⟨

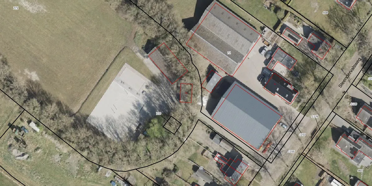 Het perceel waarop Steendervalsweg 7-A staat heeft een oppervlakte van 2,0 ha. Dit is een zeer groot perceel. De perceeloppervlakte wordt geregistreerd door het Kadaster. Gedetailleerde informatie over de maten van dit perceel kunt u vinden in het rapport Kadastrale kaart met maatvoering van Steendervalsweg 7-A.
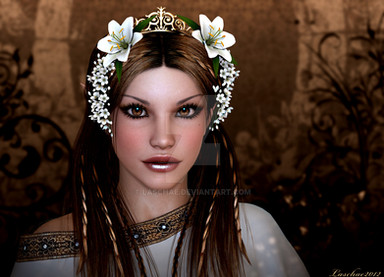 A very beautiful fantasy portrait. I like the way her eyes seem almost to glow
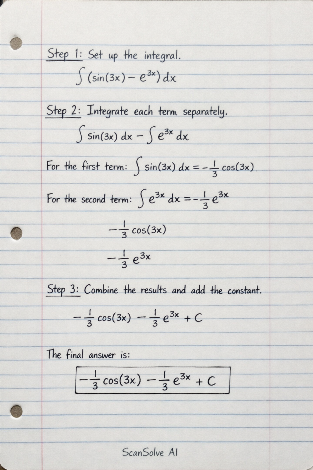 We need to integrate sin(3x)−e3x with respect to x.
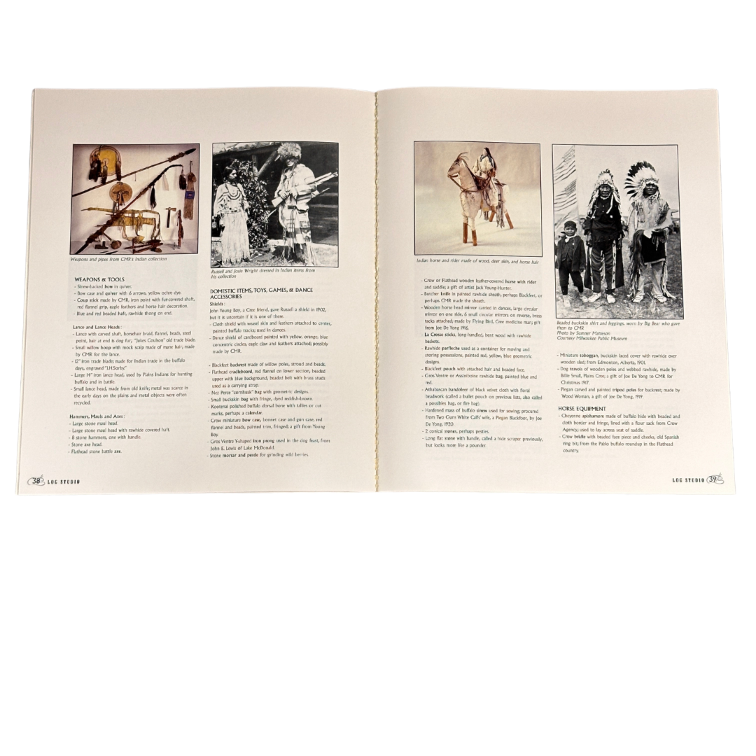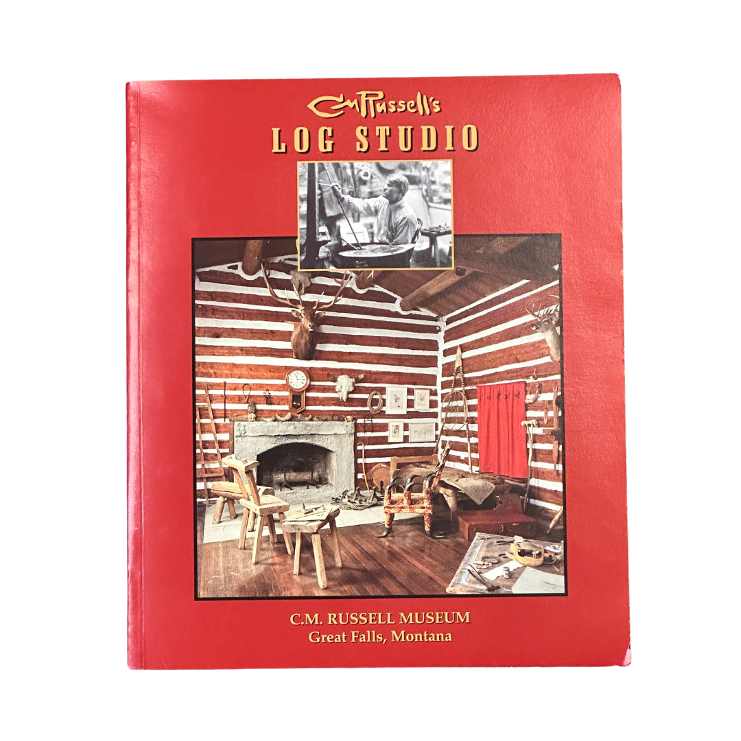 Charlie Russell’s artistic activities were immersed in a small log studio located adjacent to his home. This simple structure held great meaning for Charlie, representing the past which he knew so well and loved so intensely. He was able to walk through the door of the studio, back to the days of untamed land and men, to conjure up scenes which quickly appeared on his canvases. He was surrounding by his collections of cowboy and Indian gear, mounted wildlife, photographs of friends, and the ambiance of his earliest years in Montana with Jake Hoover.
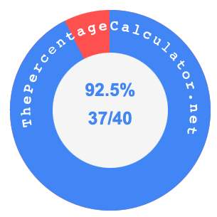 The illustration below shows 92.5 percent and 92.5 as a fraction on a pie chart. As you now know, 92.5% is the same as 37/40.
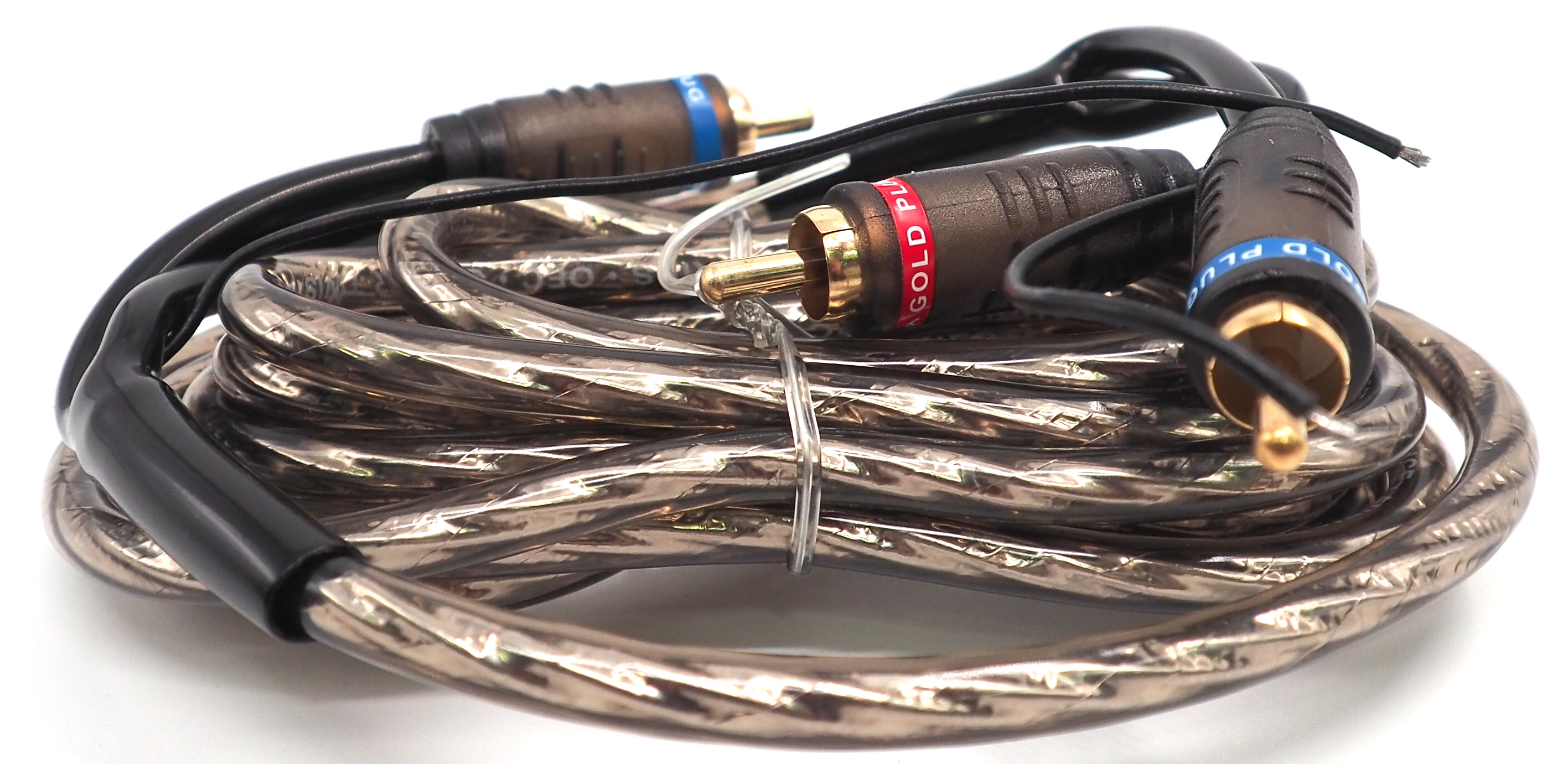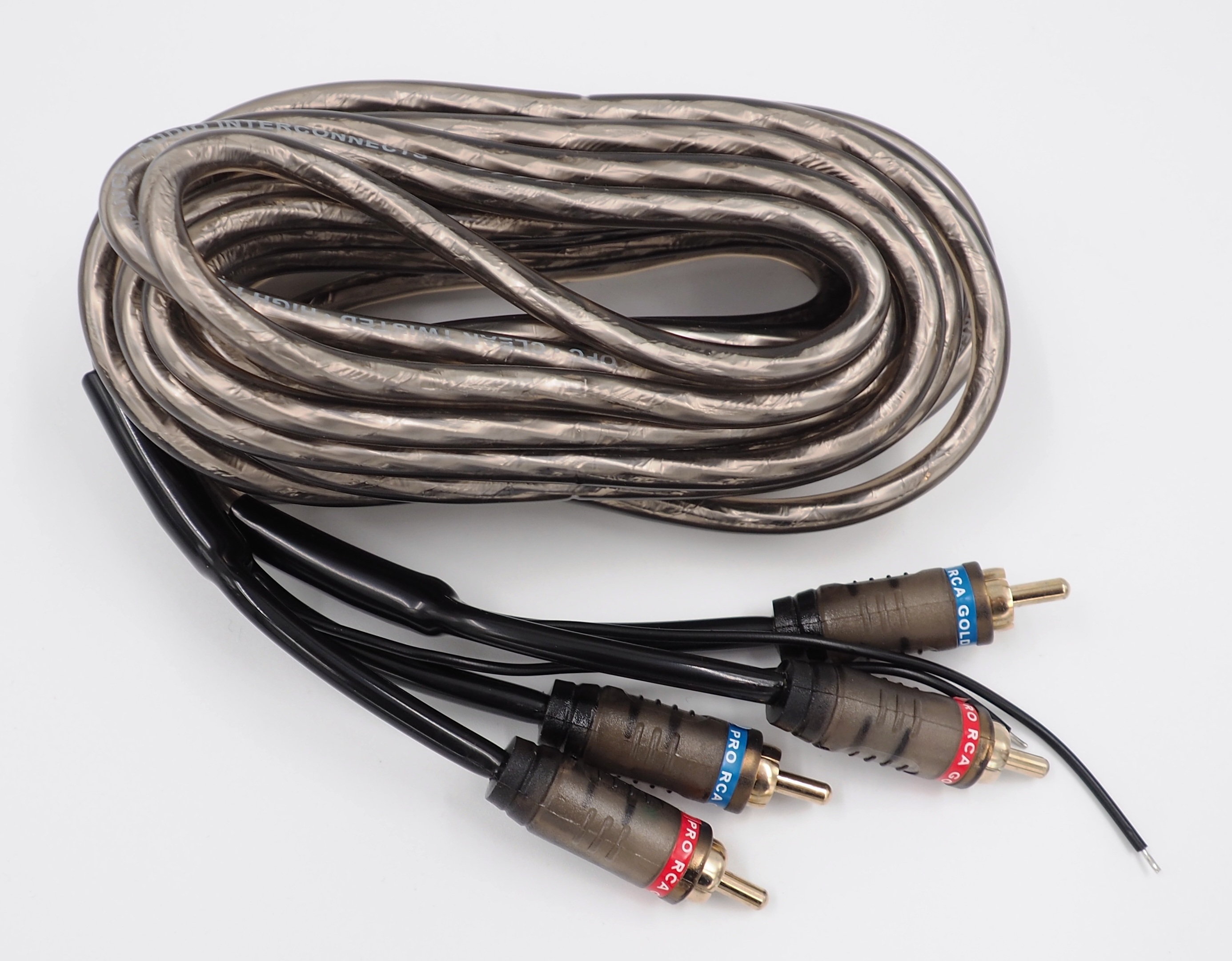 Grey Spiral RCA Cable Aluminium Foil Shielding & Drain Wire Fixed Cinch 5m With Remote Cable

⟩
⟨

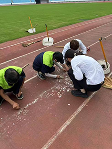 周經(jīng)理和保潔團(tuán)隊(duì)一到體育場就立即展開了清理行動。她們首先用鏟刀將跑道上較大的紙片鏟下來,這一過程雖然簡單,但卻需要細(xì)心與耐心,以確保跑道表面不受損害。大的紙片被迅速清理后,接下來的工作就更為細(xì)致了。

⟩
⟨

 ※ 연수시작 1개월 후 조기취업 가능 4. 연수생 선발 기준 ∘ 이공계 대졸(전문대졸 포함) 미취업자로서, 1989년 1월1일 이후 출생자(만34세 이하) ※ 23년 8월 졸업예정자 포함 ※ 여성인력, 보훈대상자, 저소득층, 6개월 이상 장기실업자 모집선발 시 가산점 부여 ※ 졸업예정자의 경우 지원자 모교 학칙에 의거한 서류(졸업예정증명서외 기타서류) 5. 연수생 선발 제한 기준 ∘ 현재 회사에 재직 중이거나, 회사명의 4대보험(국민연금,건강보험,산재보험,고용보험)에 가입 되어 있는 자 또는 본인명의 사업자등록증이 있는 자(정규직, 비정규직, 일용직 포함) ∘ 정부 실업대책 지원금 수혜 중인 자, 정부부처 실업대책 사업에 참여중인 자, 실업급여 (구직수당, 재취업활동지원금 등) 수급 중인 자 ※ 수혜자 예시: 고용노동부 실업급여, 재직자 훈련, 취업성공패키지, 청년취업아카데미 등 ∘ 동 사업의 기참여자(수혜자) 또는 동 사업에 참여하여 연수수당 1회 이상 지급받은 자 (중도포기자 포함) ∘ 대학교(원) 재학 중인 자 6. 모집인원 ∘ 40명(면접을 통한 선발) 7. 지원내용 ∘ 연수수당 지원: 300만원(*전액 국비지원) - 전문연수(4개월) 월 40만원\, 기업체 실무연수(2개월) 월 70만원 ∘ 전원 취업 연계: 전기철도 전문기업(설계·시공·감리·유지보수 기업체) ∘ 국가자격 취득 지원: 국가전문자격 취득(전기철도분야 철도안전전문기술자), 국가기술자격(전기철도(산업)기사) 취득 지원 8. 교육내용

⟩

WORK INSTRUCTION: Only one stretch of the material above is wanted: the line containing "Het perceel waarop" through the line containing "We need to integrate". Restate it word for word, minus the pictures.

PROBLEM SOLUTION:
 Het perceel waarop Steendervalsweg 7-A staat heeft een oppervlakte van 2,0 ha. Dit is een zeer groot perceel. De perceeloppervlakte wordt geregistreerd door het Kadaster. Gedetailleerde informatie over de maten van dit perceel kunt u vinden in het rapport Kadastrale kaart met maatvoering van Steendervalsweg 7-A.
 A very beautiful fantasy portrait. I like the way her eyes seem almost to glow
 We need to integrate sin(3x)−e3x with respect to x.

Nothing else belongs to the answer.